Chris Smelley

No. 7
- Position: Quarterback

Personal information
- Born: September 29, 1986 (age 39)
- Listed height: 6 ft 2 in (1.88 m)
- Listed weight: 221 lb (100 kg)

Career information
- High school: American Christian Academy (Tuscaloosa, Alabama)
- College: South Carolina Gamecocks (2006–2008)
- Stats at ESPN

Other information
- Baseball player Baseball career

Alabama Crimson Tide – No. 22
- Catcher

NCAA Division I debut
- 2010, for the Alabama Crimson Tide

Last appearance
- 2010, for the Alabama Crimson Tide
- Stats at Baseball Reference

= Chris Smelley =

American football and baseball player (born 1986)
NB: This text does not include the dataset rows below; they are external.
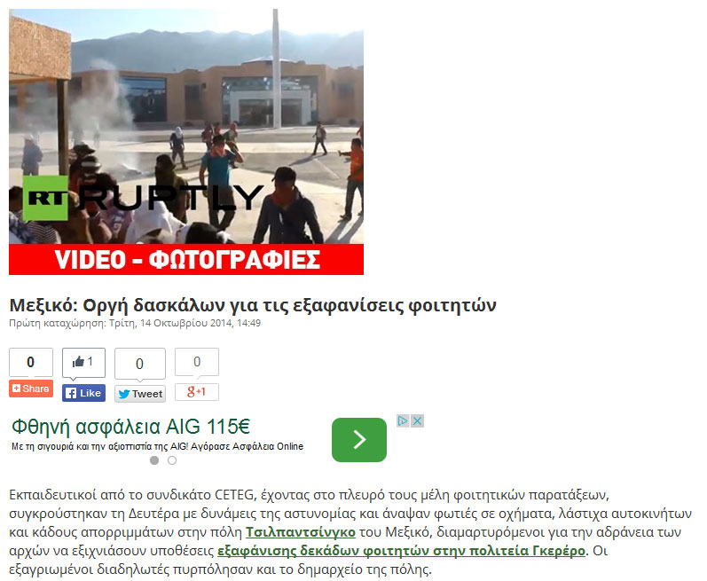 Εξαγριωμένοι διαδηλωτές προκάλεσαν μεγάλες ζημιές στο δημαρχείο του Τσιλπανσίγκο (πρωτεύουσα της πολιτείας Γκερέρο), απαιτώντας δικαιοσύνη για τους 43 φοιτητές και τους καθηγητές τους που χάθηκαν τη νύχτα της 26ης Σεπτεμβρίου του 2014 από την πόλη Ιγκουάλα. Αφού έκαναν γυαλιά καρφιά την κεντρική είσοδο, κουκουλοφόροι έριξαν στην πρόσοψη του κτηρίου φορτηγάκι, το οποίο και πυρπόλησαν στη συνέχεια. Το μένος των διαδηλωτών ήταν τέτοιο που ορισμένοι εξ αυτών πετούσαν πέτρες ακόμα και με… σφεντόνες.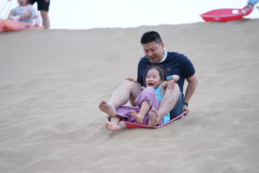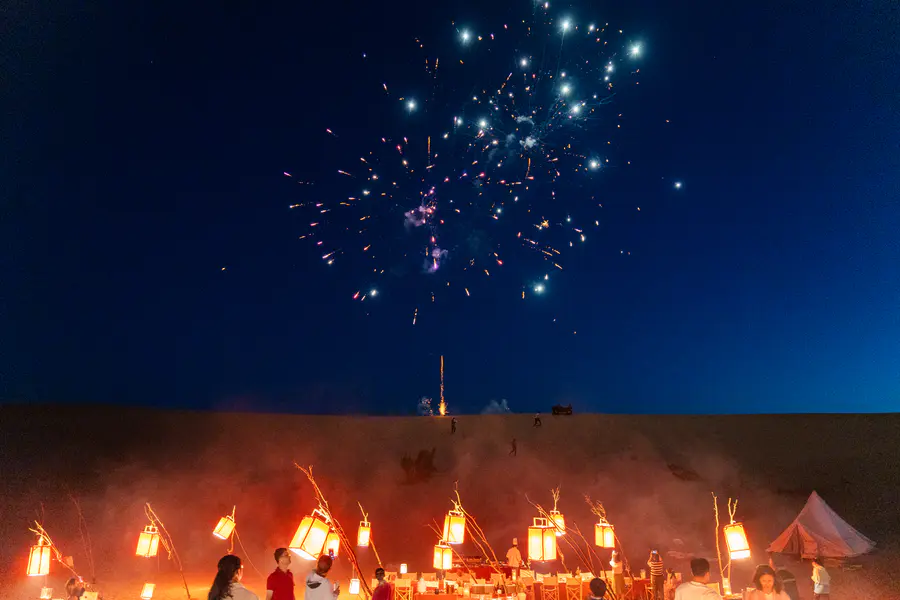 【傍晚】下山后,我们直接乘车前往野孩子位于鸣沙山后山的私家营地。在这里,工作人员已经为大家准备好了丰盛的晚宴。我们可以在这片没有外人干扰的沙漠里,自由地骑骑骆驼、玩下滑沙(需自费),而不用像景区里那样排队等待。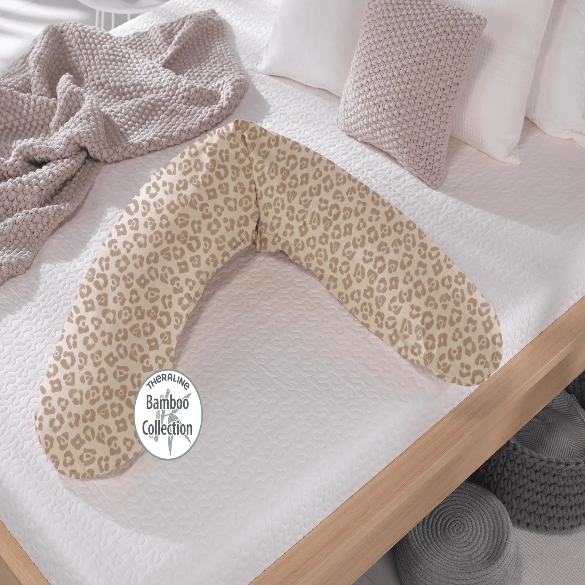 Der Stillkissenbezug Original Bamboo Collection im hübschen Leo-Design ist die perfekte Ergänzung für das Theraline Original Stillkissen. Hergestellt aus weichem Jersey mit einem hohen Anteil an feuchtigkeitsregulierender und atmungsaktiver Bambusviskose, sorgt der Bezug für ein angenehmes Hautklima.Die Kombination mit Bio-Baumwolle macht ihn besonders kuschelweich, während der Elasthan-Anteil für ein feines, leicht kühles Stoffgefühl sorgt.Dank des extra langen, verdeckten Reißverschlusses kannst du den Bezug bequem auf- und abziehen. Zudem ist er durch seine universelle Passform mit vielen Stillkissen kompatibel, was ihn zu einem wunderbaren Begleiter in deinem Alltag macht.

Christopher Smelley (born September 29, 1986) is an American football and baseball player. He is a former starting quarterback for the University of South Carolina, as well as a former catcher for the University of Alabama.

==High school==
In his high school football career, Smelley set Alabama High School Athletic Association records for yards in a single game (585) and season (4,120). He also set Alabama High School Athletic Association (AHSAA) records for touchdown passes in a season (59) and career (134).
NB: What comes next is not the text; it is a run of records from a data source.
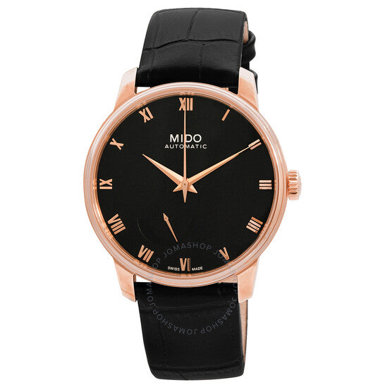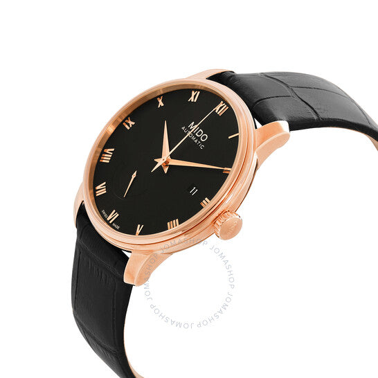 علبة من الفولاذ المقاوم للصدأ مطلية بالذهب الوردي بتقنية PVD مع سوار جلدي أسود. إطار ثابت من الفولاذ المقاوم للصدأ مطلي بالذهب الوردي بتقنية PVD. ميناء أسود بعقارب بلون الذهب الوردي وعلامات ساعات بأرقام رومانية. نوع الميناء: تناظري. عرض التاريخ عند موضع الساعة 3. ميناء فرعي واحد يعرض مؤشر احتياطي الطاقة. حركة أوتوماتيكية ETA Caliber 2897، مبنية على ETA 2892، تحتوي على 21 جوهرة، تنبض بمعدل 28800 ذبذبة في الساعة، ولديها احتياطي طاقة لمدة 42 ساعة تقريبًا. زجاج من الياقوت المقاوم للخدش. تاج قابل للسحب/الدفع. غطاء خلفي شفاف. شكل دائري، حجم العلبة: 40 مم، سمك العلبة: 9.2 مم. عرض السوار: 20 مم. مشبك قابل للطي مع مفتاح أمان. مقاومة للماء حتى عمق 30 مترًا / 100 قدم. الوظائف: التاريخ، الساعة، الدقيقة، الثانية، مؤشر احتياطي الطاقة. سلسلة Baroncelli IIIi. طراز ساعة رسمية. ملصق الساعة: صناعة سويسرية. ساعة ميدو بارونشيلي III أوتوماتيكية للرجال بمينا أسود M027.428.36.053.00.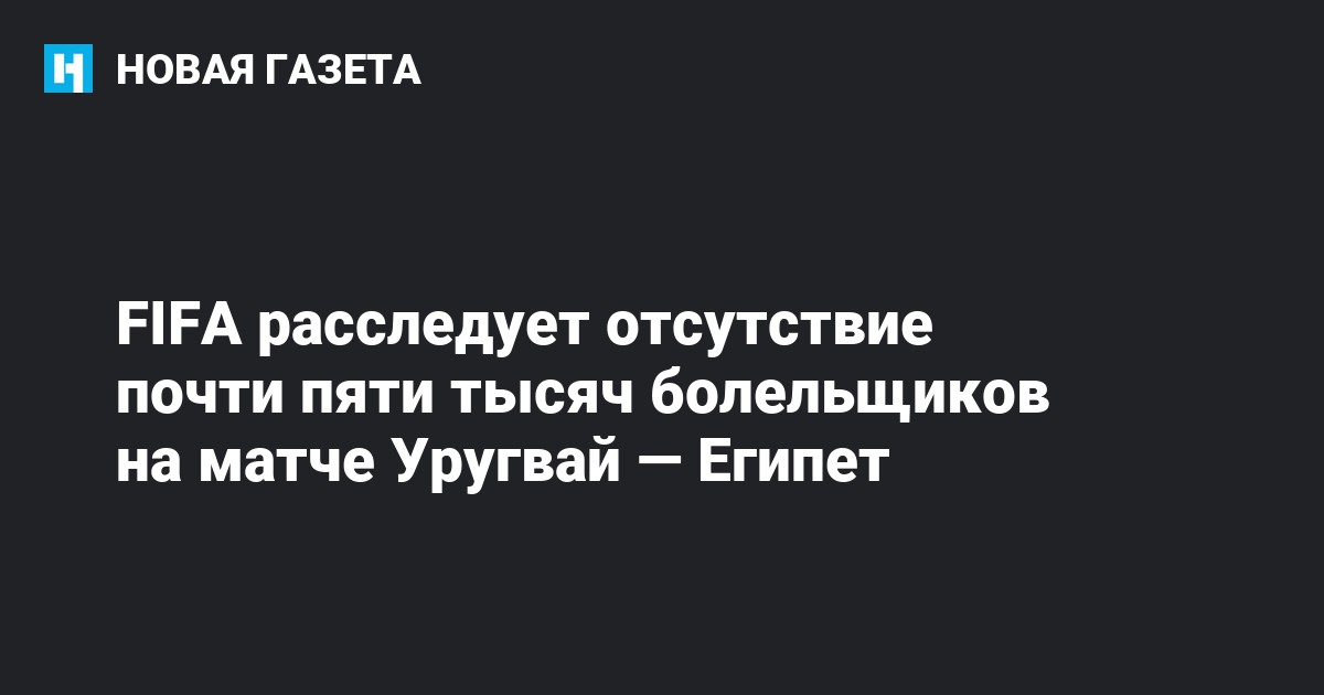 Международная федерация футбола (FIFA) начала расследование из-за того, что на матч между Уругваем и Египтом было продано 32 тысячи 278 билетов, а на стадион пришли только 27 тысяч болельщиков. Об этом сообщает The Daily Telegraph.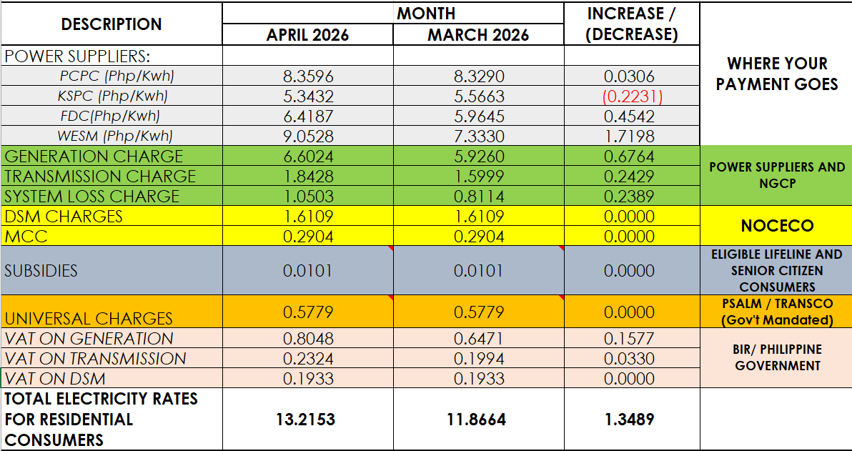 NOCECO announces that residential electricity rates for April 2026 have increased to Php 13.2153 per kWh, an increase of Php 1.3489 from the previous month. This adjustment is primarily driven by a sharp rise on the cost of power purchased from the spot market, which surged by Php 1.7198 per kWh, pushing the overall generation charge to increase by Php .6764 per kWh as compared to last month. Additional increases were also recorded in Transmission Charges due to high Ancillary charges. Systems loss charge also increased by Php 0.2389 per kWh.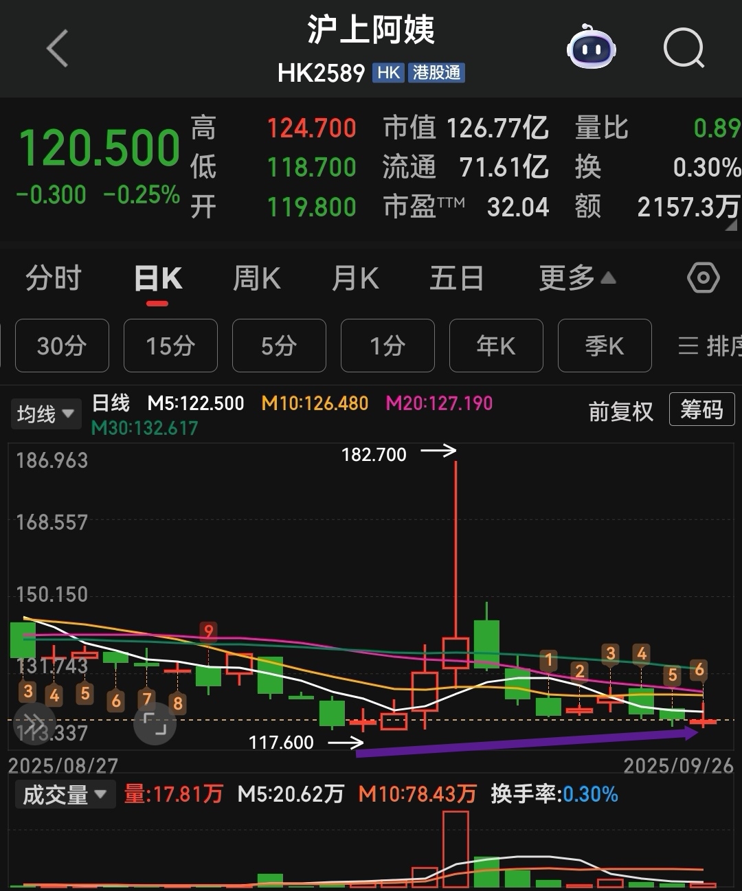 $沪上阿姨(HK|02589)$ 低位十字星,似曾相识。如有雷同,纯属巧合恭喜入场票友,下周大概率在吸筹几天,厚积薄发,静待花开

While attending American Christian Academy in Tuscaloosa, the 6'2", 221 lb Smelley played on three state championship baseball teams and was the Class 1A Player of the Year for 2005, but chose to pursue college football over college baseball.
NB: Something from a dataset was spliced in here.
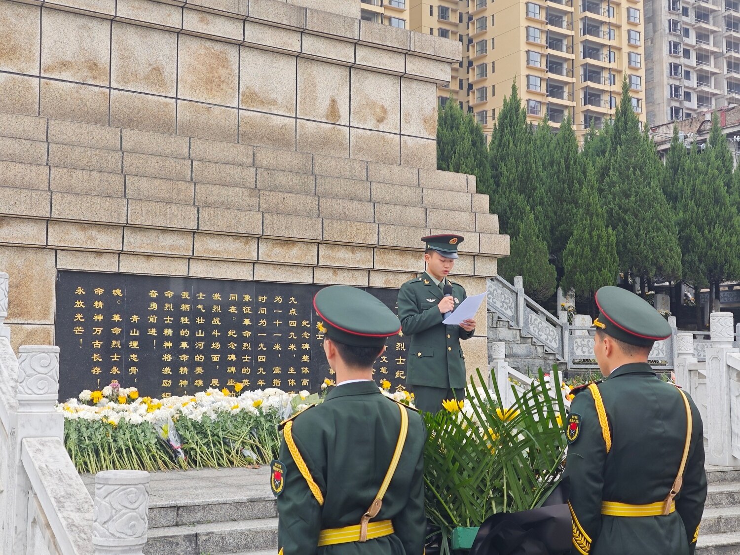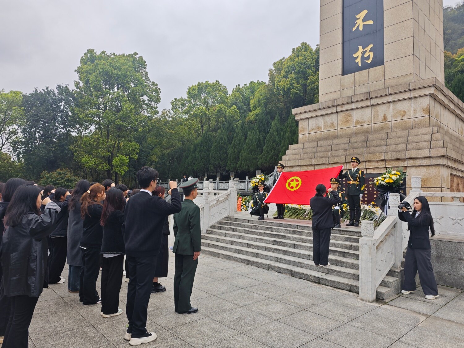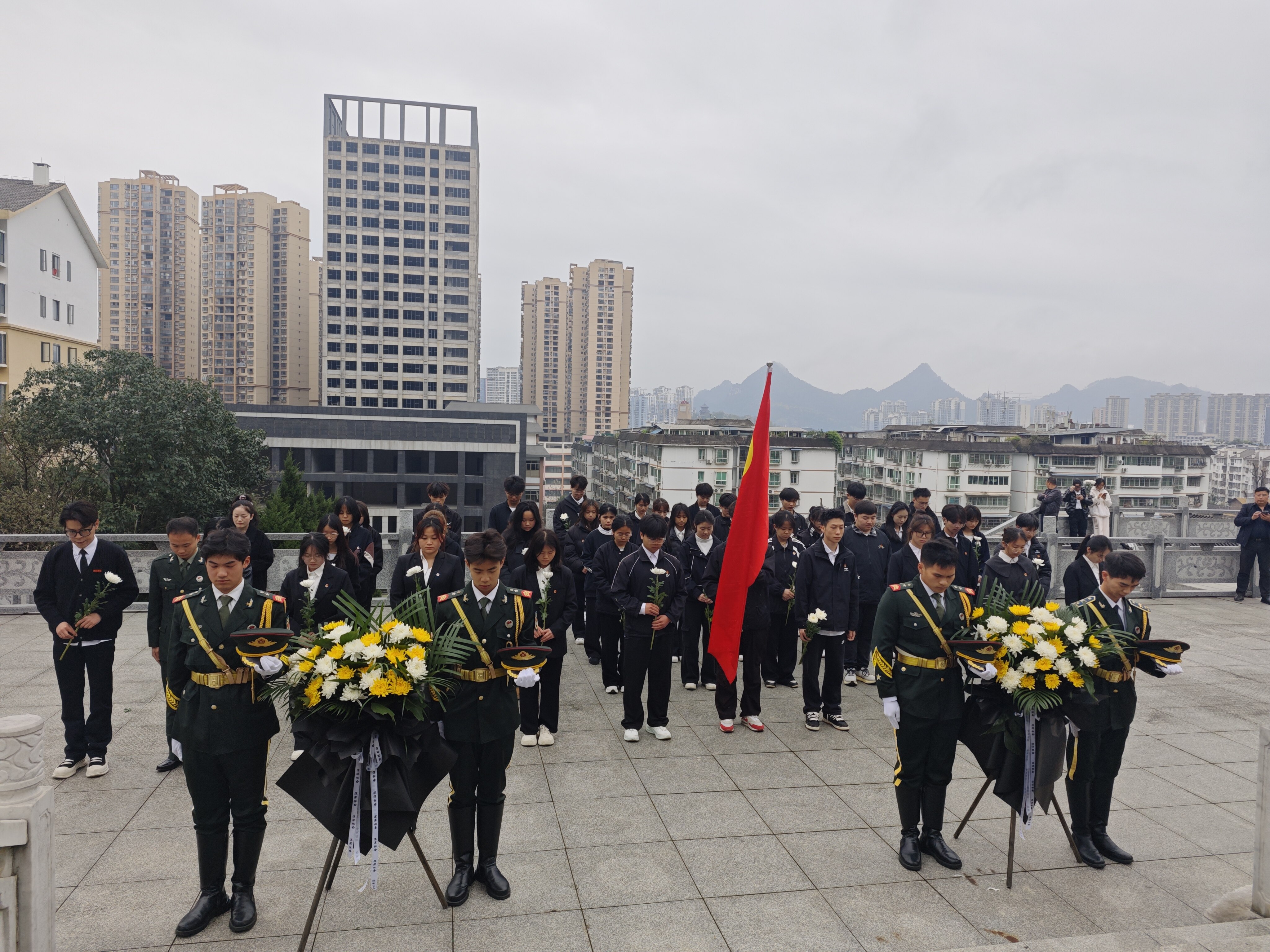 当日的文笔峰烈士陵园内,庄严肃穆的氛围萦绕四周。铜仁学院40余名学生代表身着整洁服装,列队整齐、神情肃穆,怀揣着对革命先烈的无限敬仰与深切哀思,整齐伫立在革命烈士纪念碑前。活动伊始,学生代表手抬花篮,缓步走向纪念碑,郑重地将花篮摆放于基座之上,寄托对先烈的无尽追思。随后,全体人员低头肃立,集体默哀三分钟,向为国家独立、民族解放、人民幸福英勇献身的革命英烈,致以最崇高的敬意。

On February 1, 2006, Smelley signed a national letter of intent to play football at the University of South Carolina. He was listed as a top-rated football prospect on ESPN.com's "Class of 2006".

==College career==

===University of South Carolina===
He arrived at South Carolina in 2006 and made two appearances in a backup role for the South Carolina Gamecocks. In the first two games of the 2006 season, he completed 9 of 15 passes for 112 yards. He suffered a heel injury during a practice and was granted a medical redshirt.

In 2007, after his return from injury, he took over the starting position after replacing ineffective starter Blake Mitchell against LSU. Steve Spurrier announced that Smelley would start against Mississippi State University on September 29, 2007, a game which earned him SEC Freshman of the week honors.

In 2008, Smelley was the second string quarterback behind Tommy Beecher. Beecher later suffered a concussion in the second half of the first game of the season after throwing four interceptions. Smelley entered the game and completed five passes on five attempts, also throwing for two touchdown passes. He was then named as the starter for the next game against the Vanderbilt Commodores. Later that year, he completed 22 of 32 passes, threw for 327 yards and three touchdowns during a win against Ole Miss. For his performance he was named the SEC Offensive Player of the Week.

He was 9–6 in 15 career starts. For his career, Smelley completed 56.4 percent of his passes for 3,210 yards and 23 touchdowns with 22 interceptions. He ranks in the top 10 on USC's all-time list in completions (270), attempts (479), completion percentage and passing touchdowns (22).

===University of Alabama===
On January 9, 2009, Smelley declared that he would be transferring from the University of South Carolina to go play baseball (and possibly football) at the University of Alabama. Due to NCAA transfer rules, he had to sit out the spring semester, though he was still able to practice with the team.

==Personal==
His brother is Brad Smelley, a former football player for the Alabama Crimson Tide, Cleveland Browns, and the Houston Texans.

=== Coaching career ===
Chris Smelley was hired as head football coach at American Christian Academy in Tuscaloosa, Alabama on January 9, 2014. On August 3, 2021, he resigned, citing personal reasons.